= Work order =
The task calls for the lines from the start of the entries below through the line with "Hm, in dem Block", given again verbatim, with every picture dropped.

= Data to process =
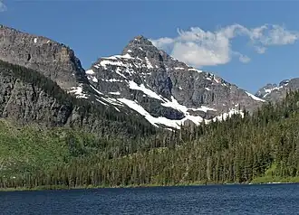 Like other mountains in Glacier National Park, it is composed of sedimentary rock laid down during the Precambrian to Jurassic periods. Formed in shallow seas, this sedimentary rock was initially uplifted beginning 170 million years ago when the Lewis Overthrust fault pushed an enormous slab of precambrian rocks 3 mi (4.8 km) thick, 50 miles (80 km) wide and 160 miles (260 km) long over younger rock of the cretaceous period.[5]
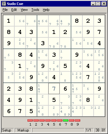 Hm, in dem Block unten Mitte existieren für mich drei mögliche Positionen für die 7, auch durch die fehlenden horizontalen Zahlen konnte ich nichts ausschließen ?
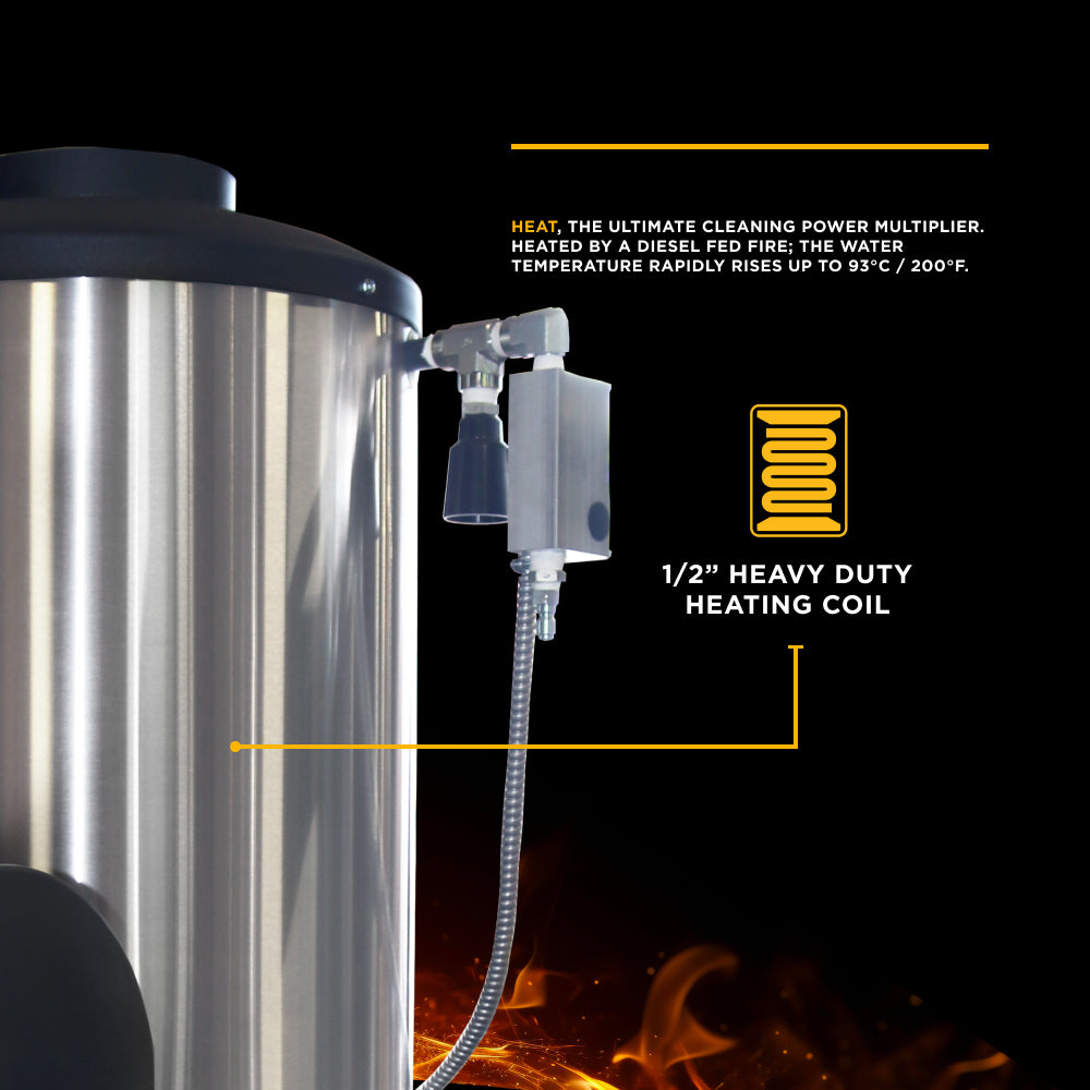 Equipped with advanced safety features such as a high limit switch, pressure relief valve, and thermal relief valve, you can operate with peace of mind. The stainless steel coil wrapper and Sch. 80 black pipe heating coil ensure optimal heat transfer and longevity. For 115VAC units, enjoy the convenience of a 15 Amp GFCI with a 35' cord, while 12VDC units feature a PAC in-line thermostat for precise temperature control. Elevate your cleaning capabilities with our Hot Box today!
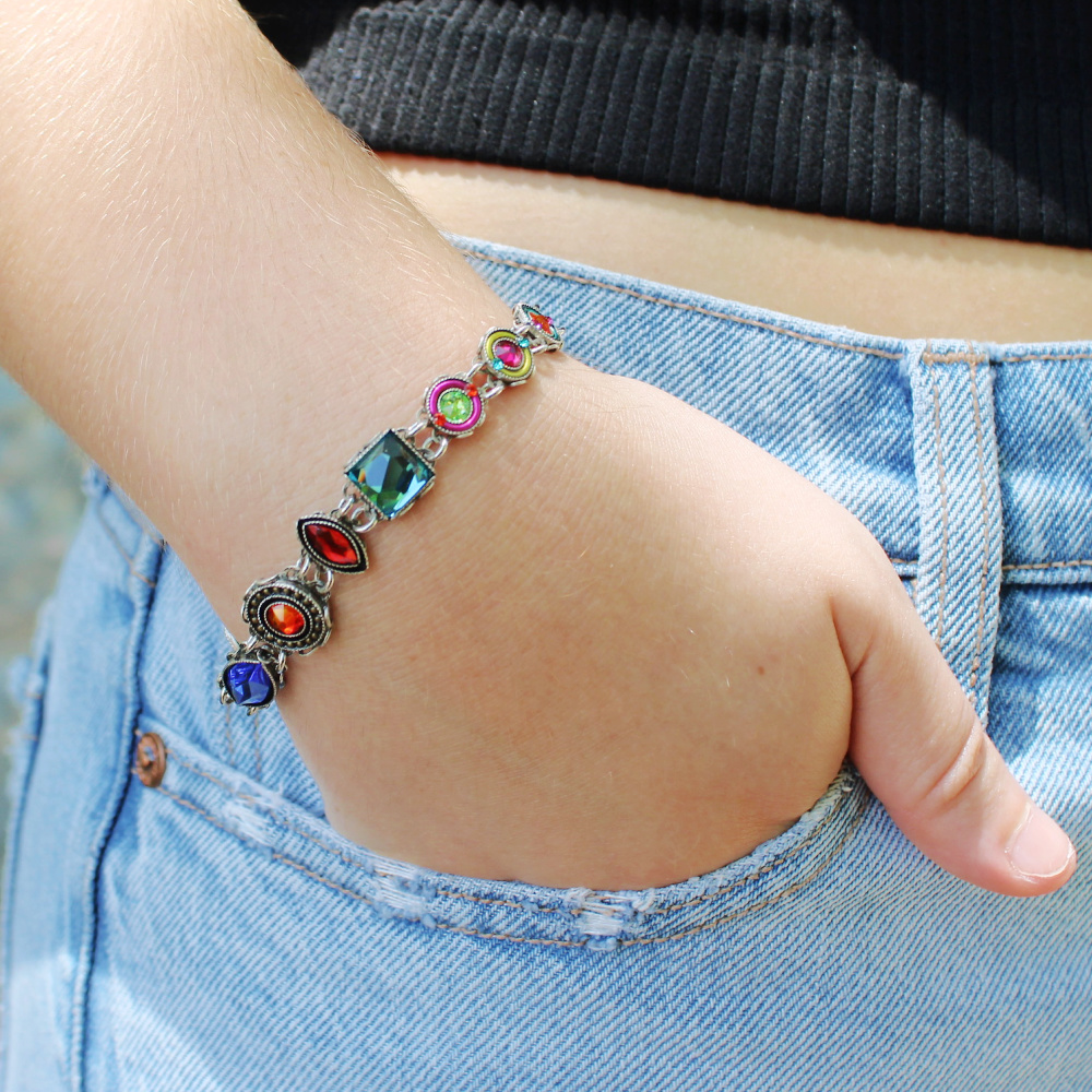 This Architectural Emily Bracelet is a brilliant combination of color and shine. Featuring multicolor European crystals, Japanese and Czech glass beads, this darling bracelet is packed full of colorful crystals that are so to help you let in the lovely. The beautiful crystals are a mix-match of size, shape in color, but the whole design is a stunning creation that is sure to be a treat to wear. What a darling!
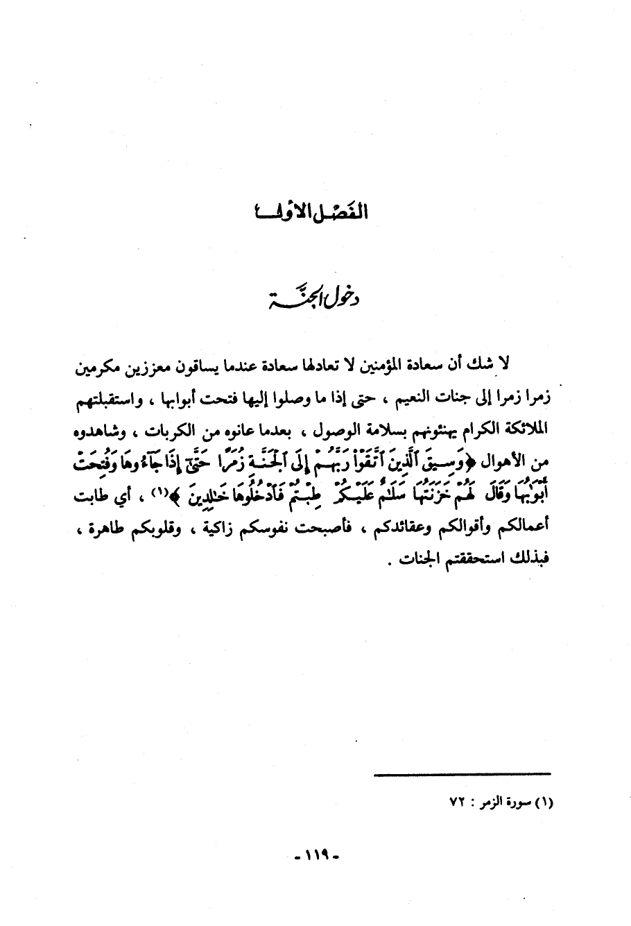 لا شك أن سعادة المؤمنين لا تعادلها سعادة عندما يساقون معززين مكرمين زمراً إلى جنات النعيم، حتى إذا ما وصلوا إليها فتحت أبوابها، واستقبلتهم الملائكة الكرام يهنئونهم بسلامة الوصول، بعدما عانوه من الكربات، وشاهدوه من الأهوال (وسيق الذين اتقوا ربهم إلى الجنة زمراً حتى إذا جاؤوها وفتحت أبوابها وقال لهم خزنتها سلام عليكم طبتم فادخلوها خالدين) [الزمر: 73] ، أي طابت أعمالكم وأقوالكم وعقائدكم، فأصبحت نفوسكم زاكية، وقلوبكم طاهرة، فبذلك استحققتم الجنات.
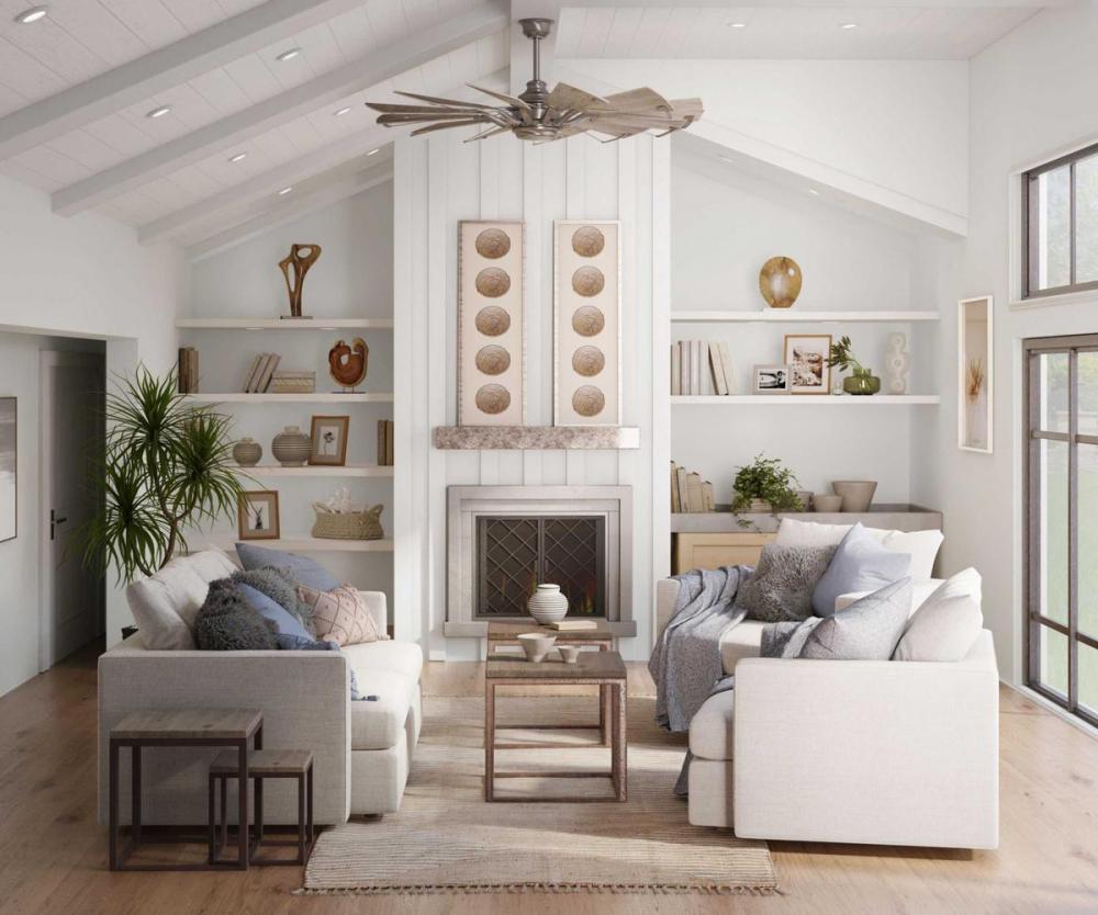 Springer is a statement-making ceiling fan with a rustic flair and Antique Nickel finish and White Barnwood blades. The 12-blade, 60 in ceiling fan was inspired by the form and function of a windmill and is ideal for Farmhouse, Industrial and Transitional interior settings. A full function remote control with batteries is included along with a dual mount canopy that accommodates flat or sloped ceilings.
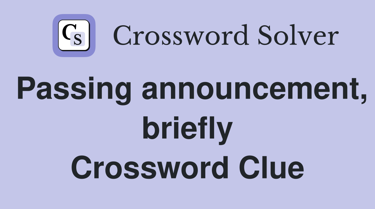 Passing announcement briefly Crossword Clue Answers Crossword Solver
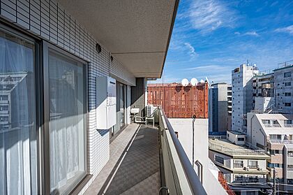 約8mのワイドスパンバルコニー。水栓があるので、植栽の水やりや汚れた物を洗うのに便利です
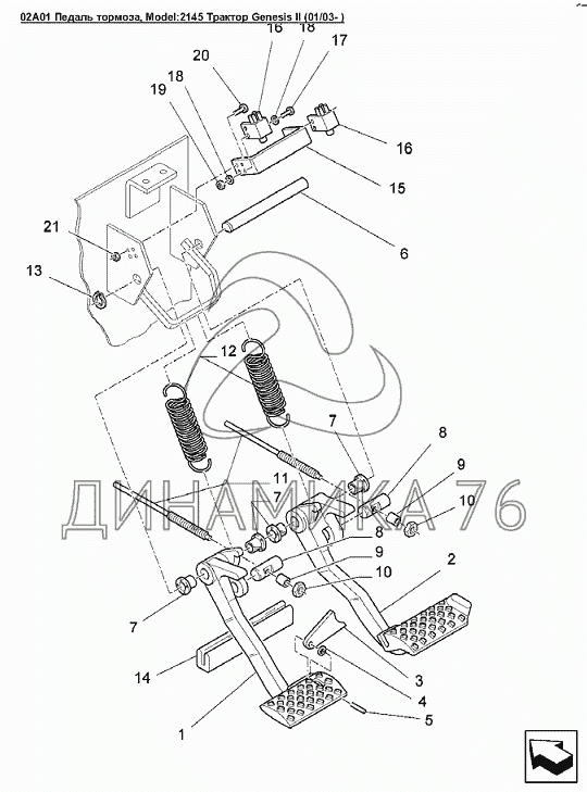Перечень комплектующих от 02A01 Педаль тормоза на Versatile серии GENESIS
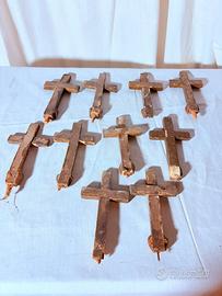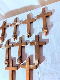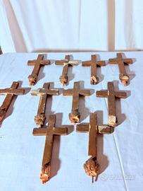 Vendo 10 croci in legno dipinto in oro, a rappresentare le stazioni della Via Crucis. Oggetti dal forte valore spirituale e devozionale, mostrano segni del tempo che ne confermano l’autenticità e l’utilizzo in contesti religiosi. Ideali sia per ambienti liturgici sia per chi desidera custodire un simbolo di fede. Disponibile la spedizione o ritiro di persona. Si presentano esattamente come in foto.

= Completed task =
 Like other mountains in Glacier National Park, it is composed of sedimentary rock laid down during the Precambrian to Jurassic periods. Formed in shallow seas, this sedimentary rock was initially uplifted beginning 170 million years ago when the Lewis Overthrust fault pushed an enormous slab of precambrian rocks 3 mi (4.8 km) thick, 50 miles (80 km) wide and 160 miles (260 km) long over younger rock of the cretaceous period.[5]
 Hm, in dem Block unten Mitte existieren für mich drei mögliche Positionen für die 7, auch durch die fehlenden horizontalen Zahlen konnte ich nichts ausschließen ?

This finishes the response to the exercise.